- _DATA PROVIDED_:
========================================

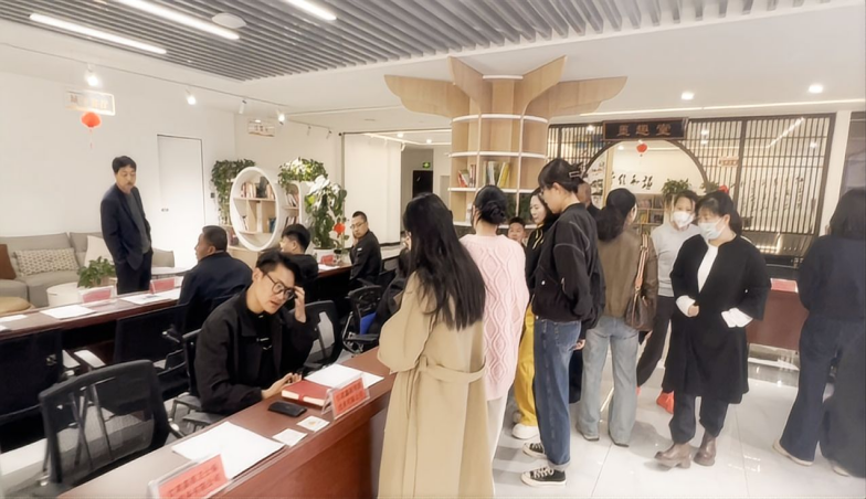 上午9時許,北地東路社區(qū)一樓內(nèi)招聘現(xiàn)場已排起長隊,求職咨詢?nèi)藛T絡(luò)繹不絕。各個招聘展位的企業(yè)代表熱情向咨詢求職者詳細(xì)介紹崗位需求,求職者手持簡歷穿梭咨詢,社區(qū)志愿者引導(dǎo)秩序并提供政策解答。
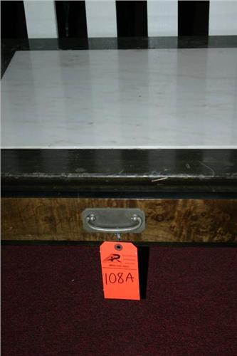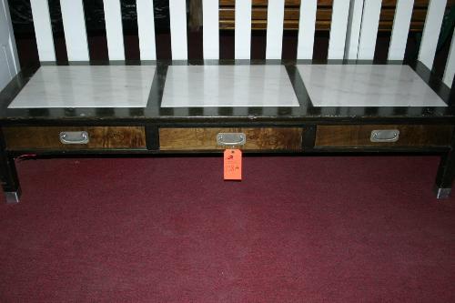 Coffee table with marble top.
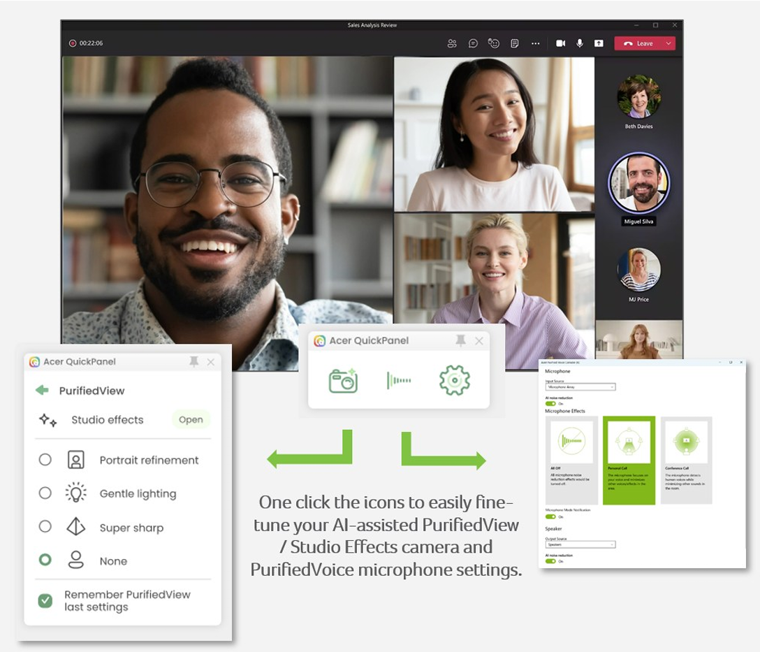 Acer PurifiedView – adjust your camera settings easily using Studio Effects to enable portrait refinement or an Avatar.
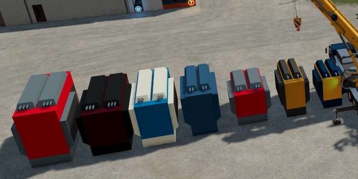 This is a pack of different generators that can be used as loads on trucks and for cranes to lift. The number before the period is the weight in metric tons and the numbers after the first period is the width in meters.
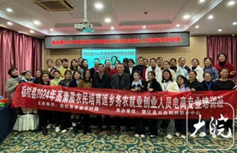 大皖新闻讯 近日,宿松县安瑞大酒店内人声鼎沸,热闹非凡,一场别开生面的高素质农民培训电商直播大赛在此圆满落幕。此次大赛由望江县大众科技服务中心承办,不仅展示了新时代农民的电商直播技能,更是他们拥抱数字经济、展现创新活力的生动实践。
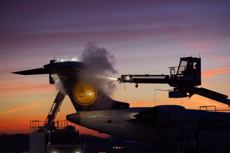 Aber nicht nur die Verkehrsflächen des Airports müssen in der kalten Jahreszeit in einem betriebssicheren Zustand gehalten werden: Auch die Flugzeuge müssen vor dem Start von Schnee und Eis befreit werden.
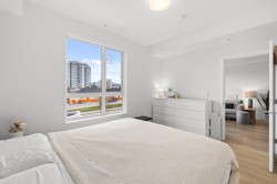 CLARENDON HEIGHTS – Bright 3 bed, 2 bath + flex corner home with stunning North Shore mountain & city views! Scandinavian-inspired kitchen features quartz counters with lots of space, double sink & full-size SS appliances. Open living/dining flows to a north-facing balcony perfect for relaxing or entertaining. All 3 bedrooms enjoy natural light & lots of privacy. Bonus flex space can be used as a Den or extra storage along with 2 storage lockers & 1 parking included. Building offers rooftop patio space, playground & amazing views. This home is move in ready and meticulously cared for like brand new all without the GST!

========================================

- _WHAT THE TASK REQUIRES_: From the line with "Acer PurifiedView –" through the end of the listing, write out every line exactly, leaving out the pictures.

- _OUTPUT OF THE EXERCISE_:
 Acer PurifiedView – adjust your camera settings easily using Studio Effects to enable portrait refinement or an Avatar.
 This is a pack of different generators that can be used as loads on trucks and for cranes to lift. The number before the period is the weight in metric tons and the numbers after the first period is the width in meters.
 大皖新闻讯 近日,宿松县安瑞大酒店内人声鼎沸,热闹非凡,一场别开生面的高素质农民培训电商直播大赛在此圆满落幕。此次大赛由望江县大众科技服务中心承办,不仅展示了新时代农民的电商直播技能,更是他们拥抱数字经济、展现创新活力的生动实践。
 Aber nicht nur die Verkehrsflächen des Airports müssen in der kalten Jahreszeit in einem betriebssicheren Zustand gehalten werden: Auch die Flugzeuge müssen vor dem Start von Schnee und Eis befreit werden.
 CLARENDON HEIGHTS – Bright 3 bed, 2 bath + flex corner home with stunning North Shore mountain & city views! Scandinavian-inspired kitchen features quartz counters with lots of space, double sink & full-size SS appliances. Open living/dining flows to a north-facing balcony perfect for relaxing or entertaining. All 3 bedrooms enjoy natural light & lots of privacy. Bonus flex space can be used as a Den or extra storage along with 2 storage lockers & 1 parking included. Building offers rooftop patio space, playground & amazing views. This home is move in ready and meticulously cared for like brand new all without the GST!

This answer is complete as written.